Writing for the Post to mark the 45th anniversary of a film that has endured, Redford acknowledged that he was often asked about the similarities between the American political climate in 1972, when the burglary of the Democratic National Committee offices in the Watergate building occurred, and 2017.

“There are many,” he wrote. “The biggest one is the importance of a free and independent media in defending our democracy.

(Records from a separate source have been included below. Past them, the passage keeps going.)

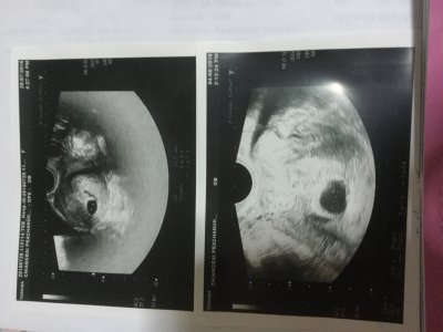 รูป ultrasound พวกนี้มันเล็กมากและไม่เห็นรายละเอียดอะไรเลยนะครับ จึงไม่สามารถลงความเห็นได้ แต่อายุครรภ์ที่คำนวณจากระดูครั้งสุดท้าย = 7 สัปดาห์ 5 วัน เมื่อ 27 กค แต่ ultrasound อ่าน (ไม่ทราบว่าใช้อะไรเป็นเกณฑ์ เช่น sac diameter หรืออะไร เพราะไม่มีข้อมูล) ว่าอายุครรถ์ 4 สัปดาห์ 4 วัน ซึ่งต่างกันมาก ก็อาจจะเป็นไปได้ 2 อย่างคือ คุณจำระดูผิด ถ้าจำได้ถูกต้องก็แสดงว่าผิดปกติ ถ้าจำผิดก็อาจจะเป็นได้ว่าเพิ่งมีการตั้งครรภ์ และอายุครรภ์น้อยมากจึงอาจจะยังไม่เห็นตัวเด็กและการเต้นของหัวใจทารก ultrasound อีกครั้งเห็นอ่านว่าอายุครรภ์มากขึ้น 1 สัปดาห์ แต่ไม่มีข้อมูลว่าอาศัยเกณฑ์อะไร ถ้าใช้แต่ขนาดถุงการตั้งครรภ์อย่างเดียวก็คงเชื่อถือไม่ได้ครับ ก็คงต้องมาตรวจใหม่แหละครับ ทำ ultrasound ผ่านทางช่องคลอดถึงจะเห็นได้ครับ เช่นว่า เห็นถุงไข่แดงไหม มีหัวใจเด็กให้เห็นไหม ซึ่งตอนนี้อายุครรภ์ก็น่าจะมากพอที่จะเห็นรายละเอียดได้บ้างแล้วครับ เอาแต่รูปนิ่งๆมาแบบมันจนใจจริงๆครับ เข้ามาตรวจดีกว่าครับ
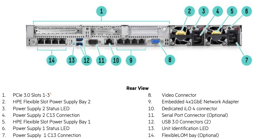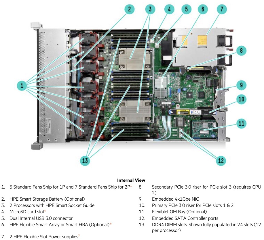 可选的 FlexibleLOM Bay 网卡有多种规格,千兆、万兆甚至25Gb。常见的是Intel 4口千兆网卡 HP Ethernet 1Gb 4-port 366FLR Adapter (部件编号 665240-B21) 。
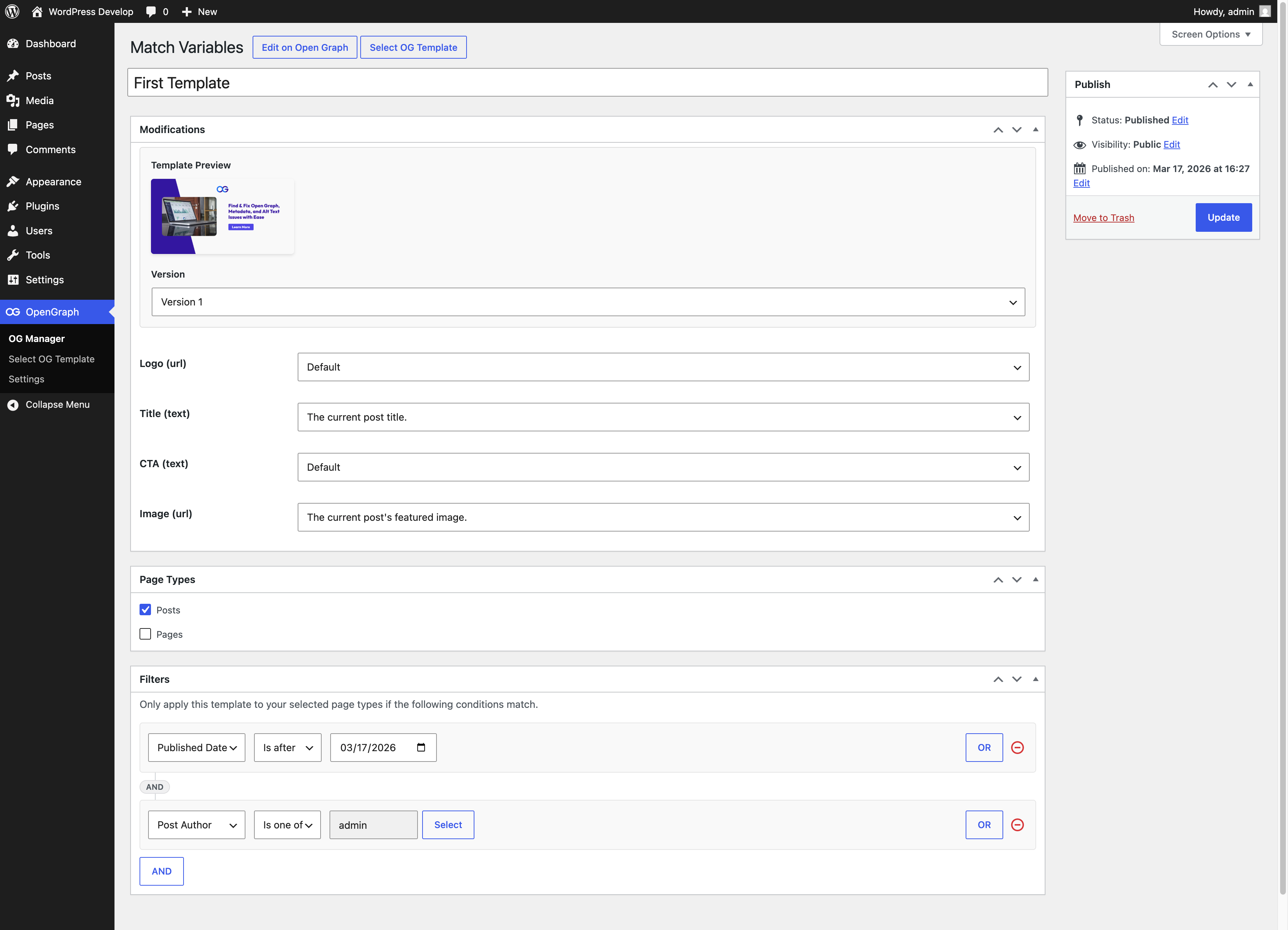 Once you’ve selected a template, the next step is to map the template’s dynamic variables to corresponding WordPress variables. For example, you can link a ‘title’ variable in your template to the ‘Post Title’ in WordPress. This ensures that the dynamic content from your site, like post titles or featured images, is automatically incorporated into your Open Graph images. You’ll find these settings in the template editing interface, where you can easily assign WordPress variables to your template’s dynamic elements.
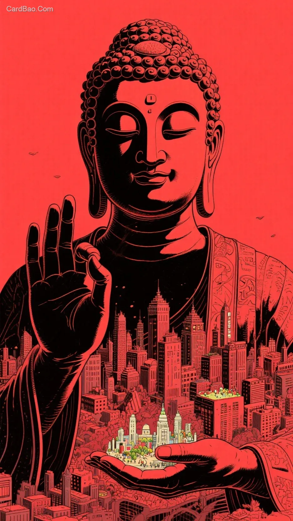 Moebius (Jean Giraud)风格,极繁主义,红底黑色描线,巨大佛陀 头部后方,左手竖起作佛教无畏印动作 , 右手平摊 掌中微缩小世界 有人有城市建筑,
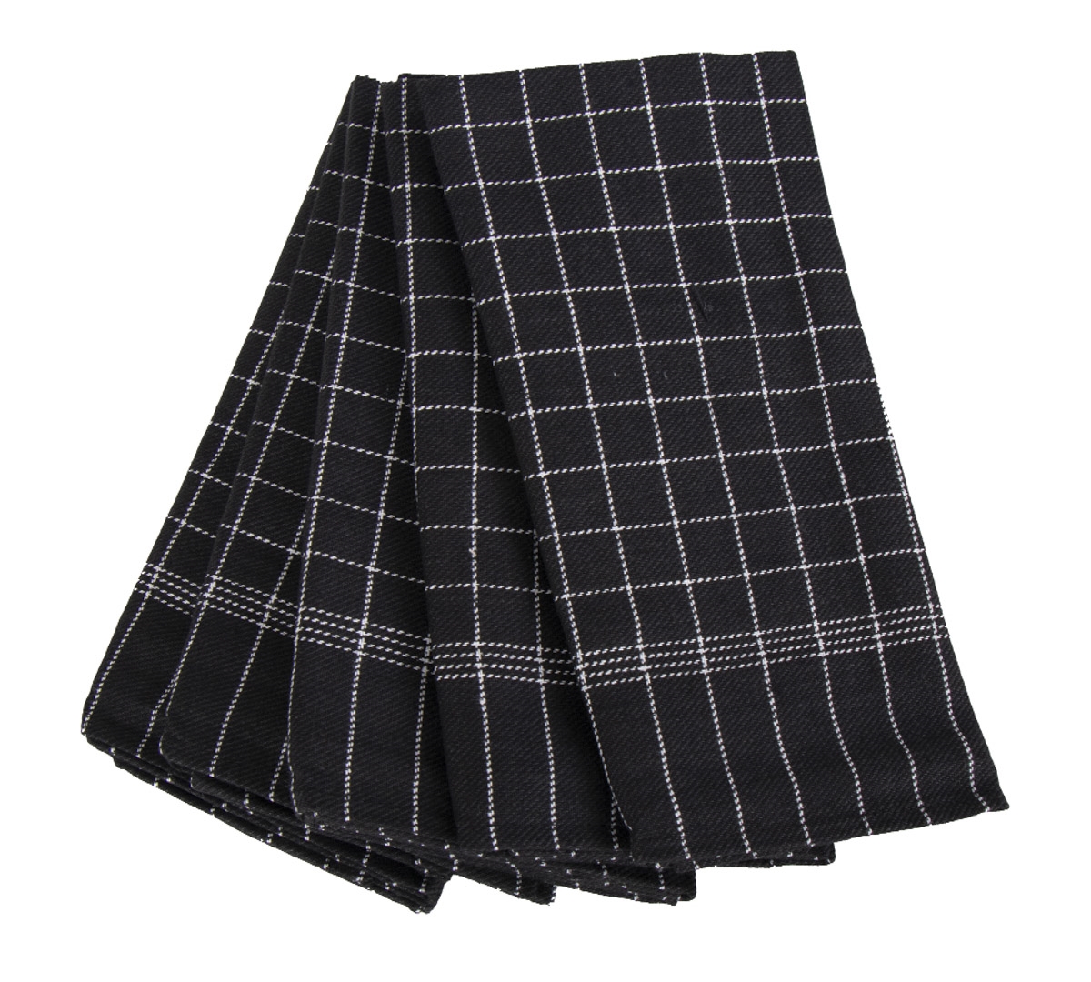 5 stk. Kokkeviskestykker - 50x100 cm sorte viskestykker med hvide tern

When President Trump speaks of being in a ‘running war’ with the media, calls them ‘among the most dishonest human beings on Earth’ and tweets that they’re ‘the enemy of the American people’ his language takes the Nixon administration’s accusations of ‘shoddy’ and ‘shabby’ journalism to new and dangerous heights.”

It took many years for Bradlee to grasp the fact that the movie would endure long after the reality of the scandal receded from the American imagination. “I had no idea at the time of the shadow that movie would cast. No idea, for instance, that all that generations to come would ever know about Watergate would be in that 147-minute film.”

More than half a century later, the themes and lessons that underscore the film, and Redford’s restrained, dignified cautions, are more alive than ever. Always elusive, Redford slipped away quietly, aged 89, during a period of sustained political crisis for his country. The news silenced the din of competing voices and mounting hysteria and menace, but only for a small while.

“One thing I know about the dark,” Redford says as Roy Hobbs in The Natural, “you can’t see in it.”